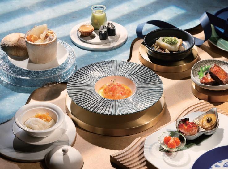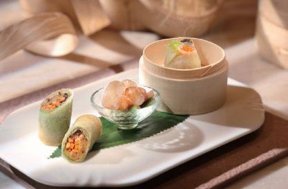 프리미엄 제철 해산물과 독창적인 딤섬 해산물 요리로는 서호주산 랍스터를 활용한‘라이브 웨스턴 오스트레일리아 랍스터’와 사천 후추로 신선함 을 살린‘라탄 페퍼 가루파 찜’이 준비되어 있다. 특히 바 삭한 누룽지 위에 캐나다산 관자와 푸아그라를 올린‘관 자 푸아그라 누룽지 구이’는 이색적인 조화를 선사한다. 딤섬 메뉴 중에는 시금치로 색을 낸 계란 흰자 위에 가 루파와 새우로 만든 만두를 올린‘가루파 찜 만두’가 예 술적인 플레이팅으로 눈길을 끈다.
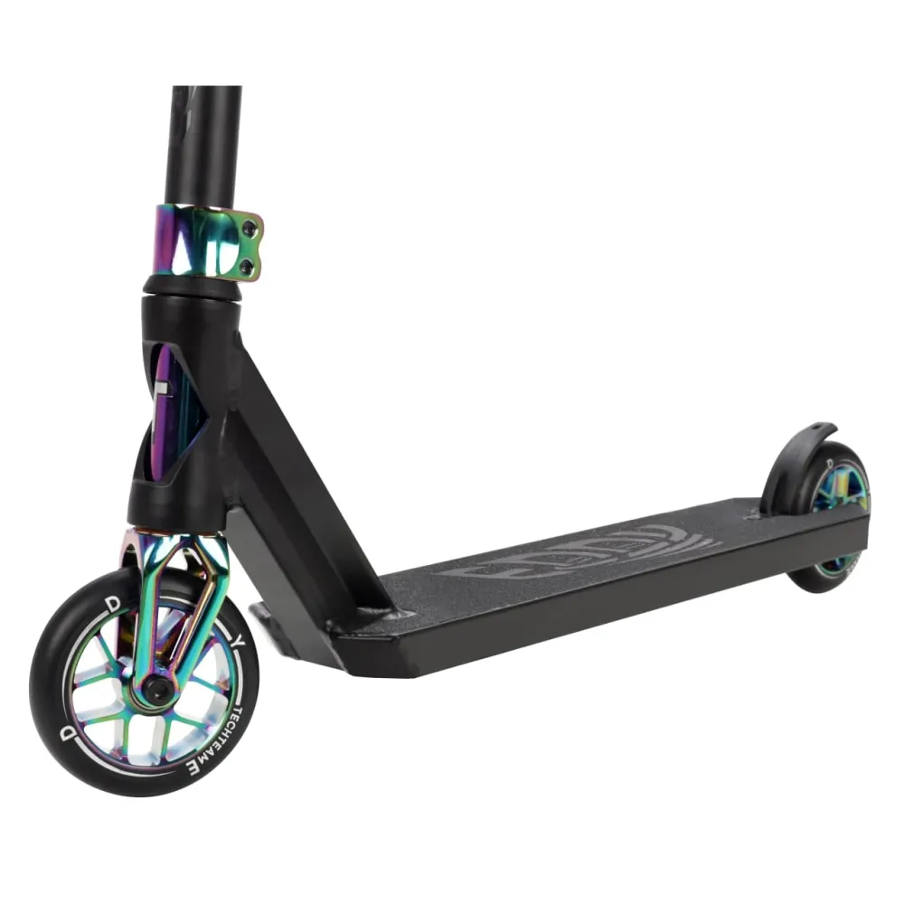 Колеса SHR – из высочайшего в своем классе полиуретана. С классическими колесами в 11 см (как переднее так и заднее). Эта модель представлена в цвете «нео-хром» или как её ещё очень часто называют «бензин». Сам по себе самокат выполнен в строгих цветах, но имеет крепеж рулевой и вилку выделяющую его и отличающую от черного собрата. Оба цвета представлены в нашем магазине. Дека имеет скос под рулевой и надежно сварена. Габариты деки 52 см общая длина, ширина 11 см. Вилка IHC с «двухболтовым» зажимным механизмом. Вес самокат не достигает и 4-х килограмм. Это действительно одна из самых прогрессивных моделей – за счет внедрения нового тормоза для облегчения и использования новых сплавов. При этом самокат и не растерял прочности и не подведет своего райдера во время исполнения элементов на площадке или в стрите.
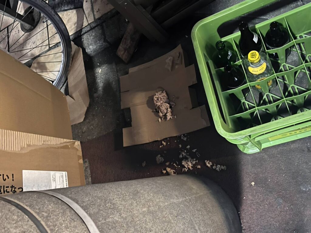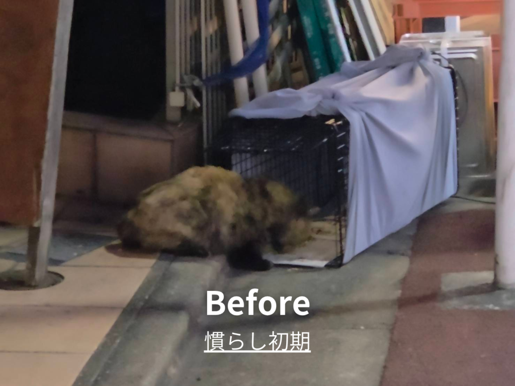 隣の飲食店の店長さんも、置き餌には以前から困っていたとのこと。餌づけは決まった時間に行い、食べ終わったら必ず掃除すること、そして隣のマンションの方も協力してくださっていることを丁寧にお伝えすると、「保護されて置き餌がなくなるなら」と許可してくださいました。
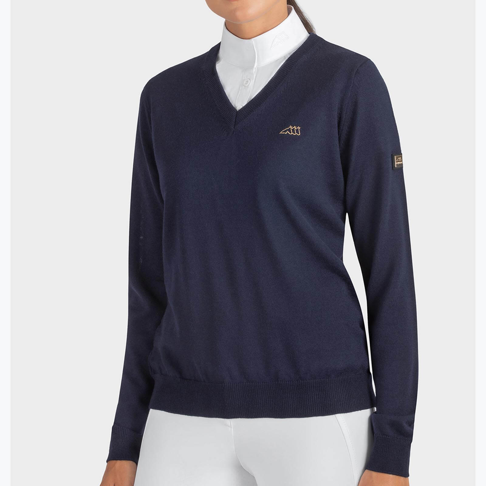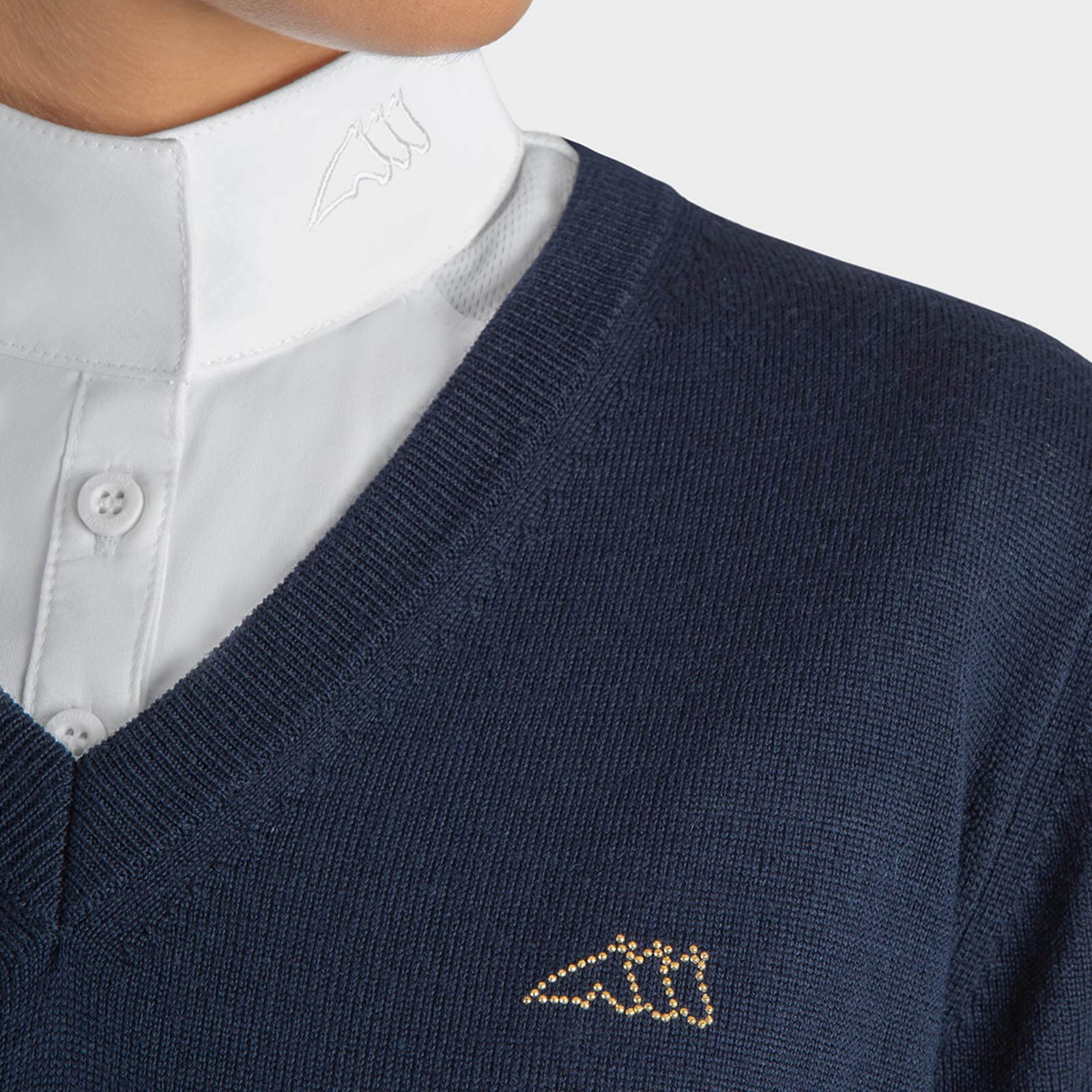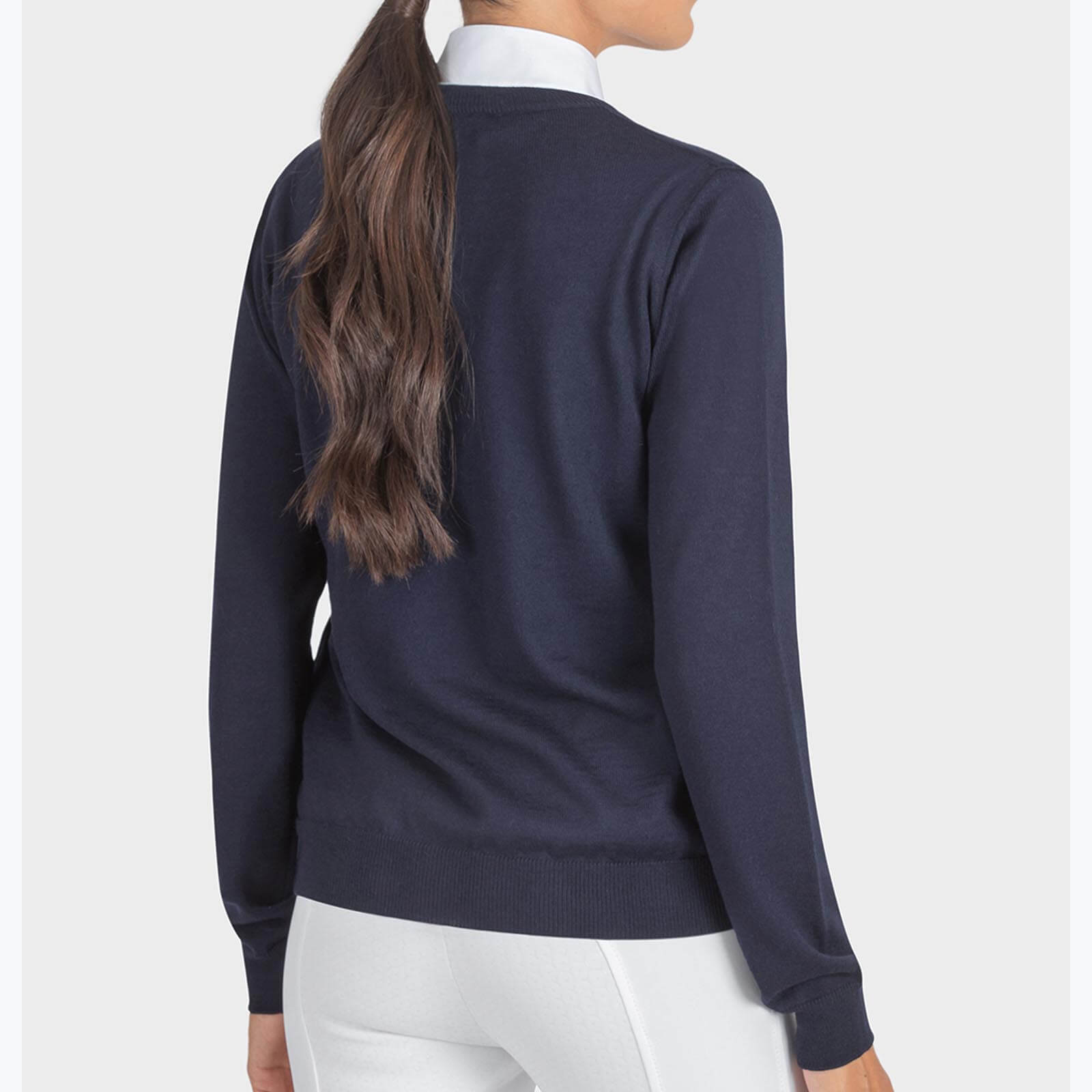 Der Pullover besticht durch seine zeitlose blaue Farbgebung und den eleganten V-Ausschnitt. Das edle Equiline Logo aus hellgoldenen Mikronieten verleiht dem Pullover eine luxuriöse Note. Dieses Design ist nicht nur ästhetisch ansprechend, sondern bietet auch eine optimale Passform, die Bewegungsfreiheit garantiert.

EXERCISE ▸ The answer should consist solely of the lines from the one containing "Колеса SHR –" through the last line of the material, copied exactly, with pictures left out.

RESULT OF THE EXERCISE ▸
 Колеса SHR – из высочайшего в своем классе полиуретана. С классическими колесами в 11 см (как переднее так и заднее). Эта модель представлена в цвете «нео-хром» или как её ещё очень часто называют «бензин». Сам по себе самокат выполнен в строгих цветах, но имеет крепеж рулевой и вилку выделяющую его и отличающую от черного собрата. Оба цвета представлены в нашем магазине. Дека имеет скос под рулевой и надежно сварена. Габариты деки 52 см общая длина, ширина 11 см. Вилка IHC с «двухболтовым» зажимным механизмом. Вес самокат не достигает и 4-х килограмм. Это действительно одна из самых прогрессивных моделей – за счет внедрения нового тормоза для облегчения и использования новых сплавов. При этом самокат и не растерял прочности и не подведет своего райдера во время исполнения элементов на площадке или в стрите.
 隣の飲食店の店長さんも、置き餌には以前から困っていたとのこと。餌づけは決まった時間に行い、食べ終わったら必ず掃除すること、そして隣のマンションの方も協力してくださっていることを丁寧にお伝えすると、「保護されて置き餌がなくなるなら」と許可してくださいました。
 Der Pullover besticht durch seine zeitlose blaue Farbgebung und den eleganten V-Ausschnitt. Das edle Equiline Logo aus hellgoldenen Mikronieten verleiht dem Pullover eine luxuriöse Note. Dieses Design ist nicht nur ästhetisch ansprechend, sondern bietet auch eine optimale Passform, die Bewegungsfreiheit garantiert.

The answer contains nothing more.